Off to the restaurant we went, which is located on Hilton Street (just off Piccadilly Gardens). Initially, I was a little overwhelmed with the size of the restaurant. We’d been expecting a more low-key affair and a bit more intimacy with a bit of an arthouse vibe (a-la Trove in Levenshulme). The general vibe of the place is nice (and intentionally a little rough around the edges). Dogs are welcome, which is good even though we didn’t have our little Champ with us at the time. Free dog treats sat next to some free water, which is a nice touch.
The restaurant also functions as a food shop, with a lot of fresh produce available as well as other food items.

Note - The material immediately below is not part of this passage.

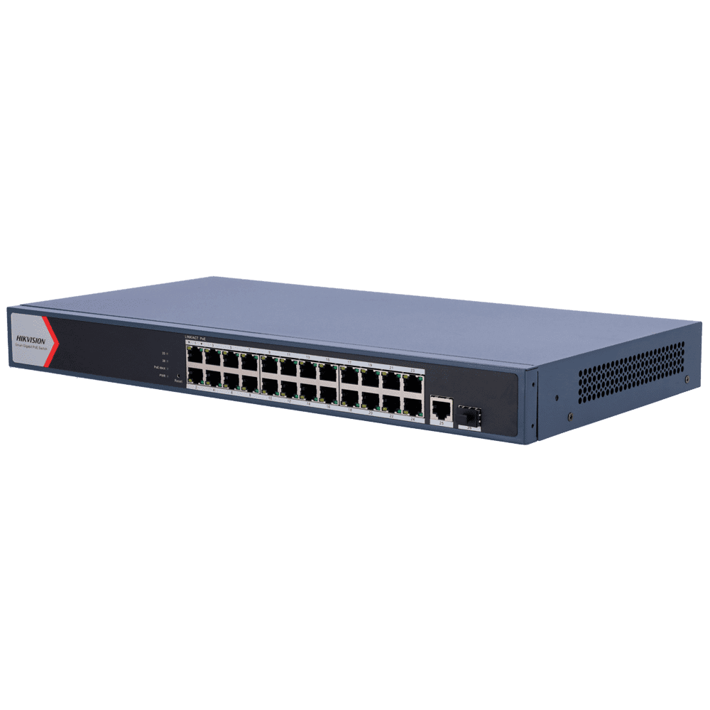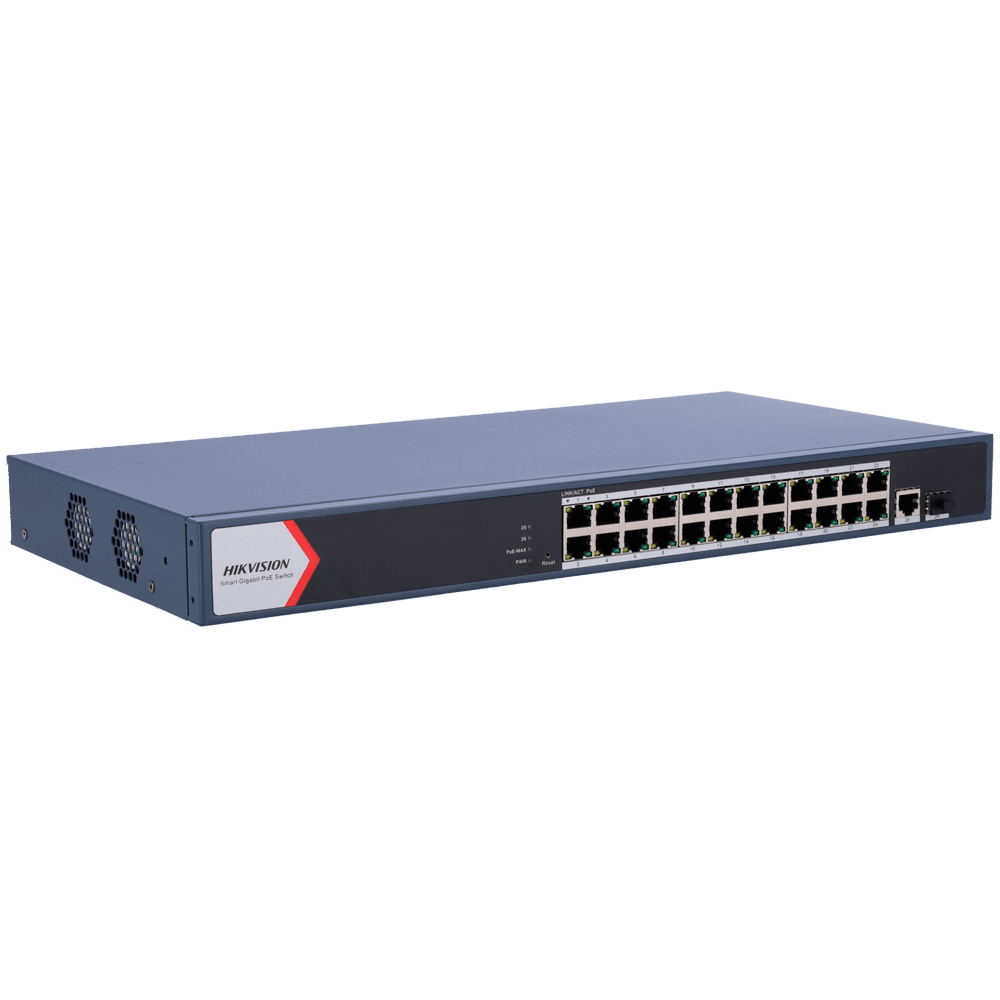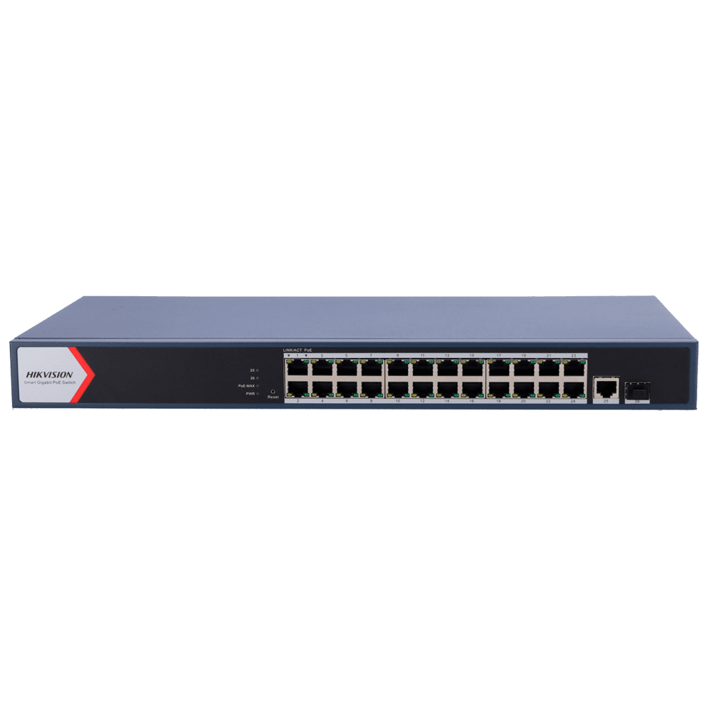Switch PoE Hikvision – 24 portas RJ45 GE + 1 porta Gigabit RJ45/SFP – 24 Portas PoE+ 802.3af/at – Até 370w Potência PoE total – PoE Extended / PoE Watchdog / Isolamento de portas – Instalação em rack/parede/desktop

There was a large range of fresh vegetables, eggs and bread/pastry. There were also some luxury items such as exotic juices, gourmet pasta and a few other bits and bobs. We weren’t in the market for foody purchases at the time, but it’s nice to have a nose around and see what’s available. It certainly adds a bit of life to the place.
We were worried that with so many tables to wait on, whether the service would be up to scratch. There were a few empty tables, but unfortunately they had not been cleared as quickly as people were arriving to eat. Too many empty tables with dishes and cutlery left dotted around the place. Luckily, we spotted a bench for two and sat down relatively easily and started going over the menu.
Having dietary restrictions wasn’t much of an issue, as there were many different kinds of dishes available. I’m not sure if there were gluten-free options available, but I wouldn’t be surprised if there were upon request. We had opted to share two dishes – chicken and halloumi on sour dough bread, and avocado and Portobello mushrooms on sour dough bread. I spotted an option for a Cumberland sausage for only £1, so I chucked it on to our order.
We also ordered our usual coffees (two Americanos). This is hit and miss at almost every café, as every Americano drinker knows. Luckily, Ezra & Gil did not disappoint and the coffee was tremendous. The flavour was rich and not too bitter. Even the cup and saucer was a nice touch, certainly didn’t feel cheap.
Our food took a little time to arrive, but not too long. And after all, there’s nothing more suspect than ordering food and have the waiter bring it our within three minutes.
The food was superb. Everything was so fresh and felt like care had been taken on presentation. Whilst both dishes were enjoyable, I think the balsamic dressing on the chicken dish was a bit over the top and the taste became a little overbearing. Luckily, we had two dishes that we were sharing so this hadn’t bothered me as much as it potentially could have.
The addition of a Cumberland sausage turned out to be a good idea. Although, interestingly the sausage was actually two tiny, fat sausages. I’m not an expert, but I thought they came in a particular fun, curly wurly shape. It was, however, delicious so it doesn’t matter what shape they are.
One criticism we both shared, was that the knives were very dull. When you’re trying to cut through sough dough bread, you really need something up to the task and it was practically useless. We ended up just tearing through this with unorthodox dining methods, but we got the job done.
All in all, I do recommend dropping by and having brunch at this place. If you can do so outside of peak times and weekends, you’re probably going to have a much nicer experience. And maybe bring your own knives.